Rajak hails from Jamtara, a district long associated with organised cybercrime operations ranging from phishing and fake call centres to digital extortion. Police described him as a BA graduate who operated on the technical periphery of this ecosystem, enabling fraud rather than executing it.

He has previously been named in cheating cases registered in Mumbai and Ranchi under provisions of the Bharatiya Nyaya Sanhita and the Information Technology Act. Law enforcement officials noted that cybercrime networks increasingly rely on such division of labour - with callers, developers, and money handlers operating from different locations - making them harder to dismantle through isolated arrests.

The Delhi Police said the investigation is ongoing and that digital evidence is being analysed to identify other fraud operators who purchased the malicious APKs, as well as additional victims whose losses may not have been formally reported.

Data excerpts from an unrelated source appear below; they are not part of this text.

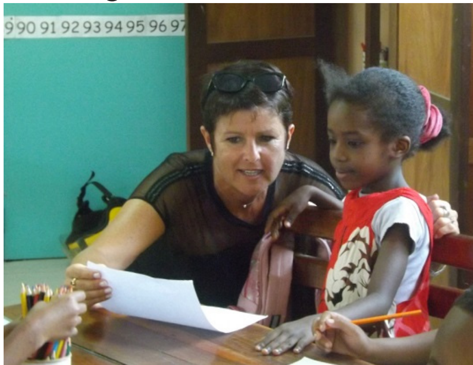
50.500 élèves dans le 1er degré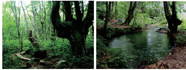
▲出つぼと呼ばれる豊富な湧き水（獅子ヶ鼻湿原）

鳥海山の中腹に広がる湿地帯です。出つぼと呼ばれる大きな湧水口が4つあり、豊富な湧き水を吐き出しています。散策するブナ林は奇怪な姿をしているものがあり、炭焼き用に伐採したブナが奇妙な形で成長を続けた為ではないかといわれています。また世界最大の「鳥海まりも」を見ることができます。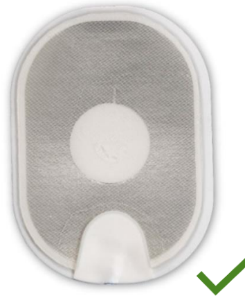
Figur 4: Normal elektrode.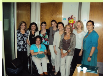
El día de la presentación de trabajos finales en febrero de 2011: graduados, tutores, la coordinadora de Pehuajó y miembros del Área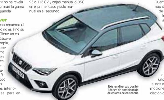
Existen diversas posibilidades de combinación de colores de carrocería

En gasolina hay tres opciones, todas ellas sobre la base del 1.0 TSI de tres cilindros: una de 95 CV con caja manual o DSG. La oferta diésel se cubre con el 1.6 TDI de 95 o 115 CV y cajas manual o DSG en el primer caso y solo manual en el segundo.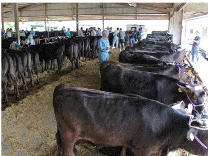
写真1 新城和牛子牛市場

愛知東農協の位置する新城設楽地区は県内トップの和牛子牛の産地である。地域内で和牛繁殖を行っている農家は令和2年1月現在で37戸あり、母牛頭数は866頭、1戸当たりの平均飼養頭数は23.4頭である。しかし子牛生産を行っている農家で母牛頭数20頭以上の農家は12戸と全体の3分の1しかいない（図1）。また、高齢化が進んでおり将来的には生産農家の減少にともなう産地縮小が懸念されている。愛知東農協の和牛部会はこの状況の中、若手経営主たちが主体となって産地を盛り上げている。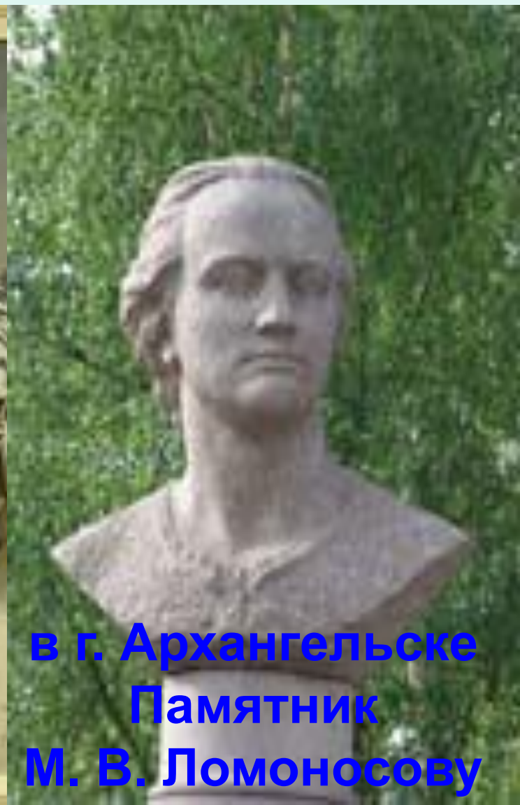
в г. Архангельске Памятник М. В. Ломоносову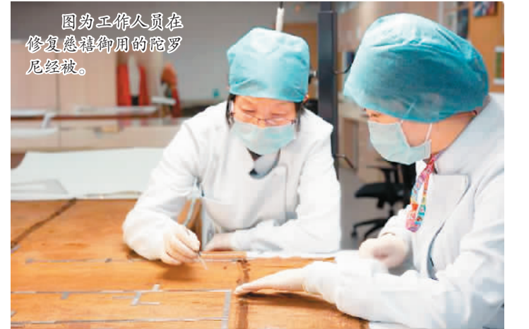
图为工作人员在修复慈禧御用的陀罗尼经被。

清东陵是中国现存规模最大、体系最完整、布局最合理的帝王陵墓建筑群。2000年11月被列入《世界遗产名录》。(白云水)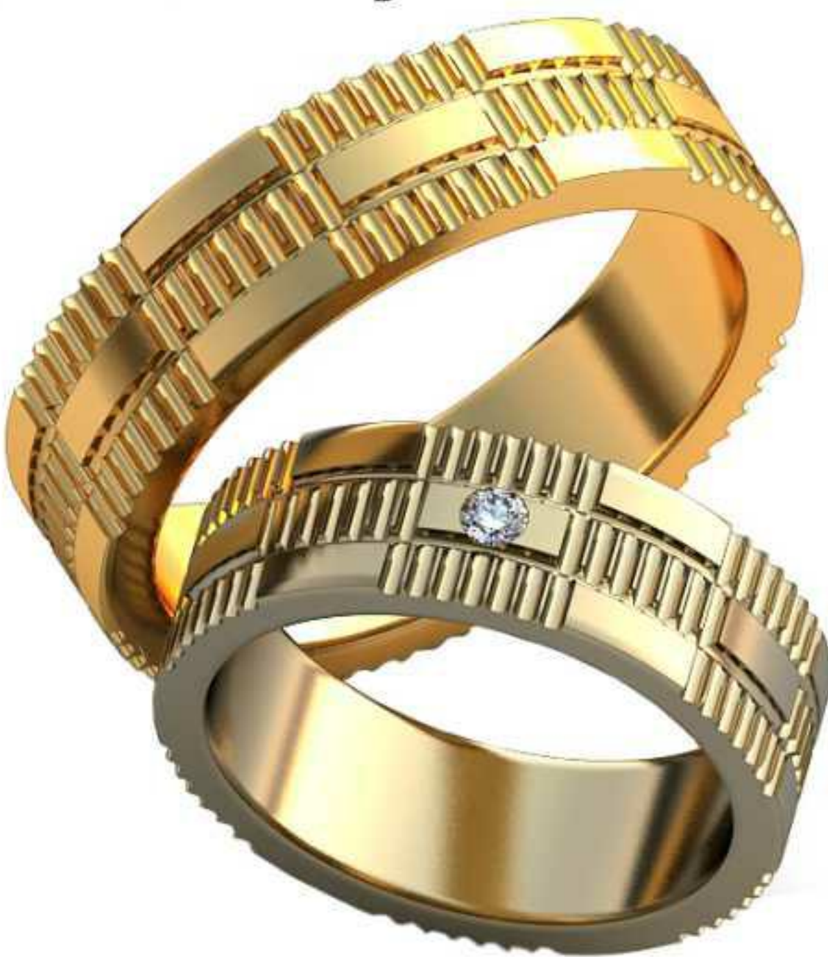
341ж/Р-16,0/Ш-6,0/Т-1,6/Кр 2.0-1шт./Вес-6,1 341м/Р-19,7/Ш-6,0/Т-2,0/Вес-9,2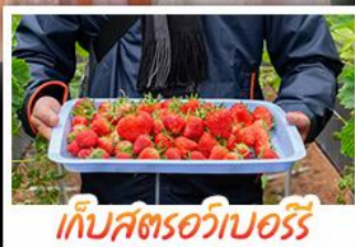
เก็บสตรอว์เบอร์รี่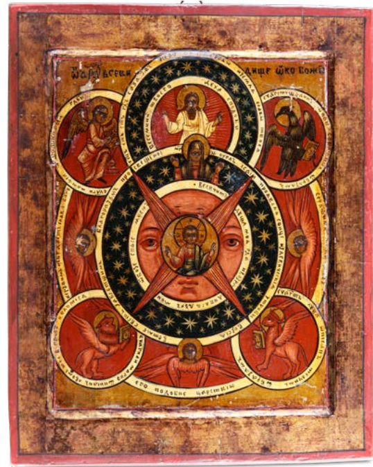
143 L'OCCHIO CHE VEDE TUTTO

ICONA A TEMPERA SU TAVOLA RUSSIA XVIII-XIX SECOLO

Officials noted that while public advisories often focus on warning citizens against installing unknown apps, far less attention is paid to the underground market that designs and distributes such tools. Detecting these financial and technical linkages early, investigators said, requires robust forensic scrutiny and transaction analysis - an area where auditing services in india become crucial in uncovering hidden money trails and systemic misuse.

As smartphones increasingly mediate everyday financial activity, authorities warned that even inexpensive pieces of malicious code can quietly erode trust, drain savings, and sustain a nationwide shadow economy extending far beyond a single arrest in Jharkhand.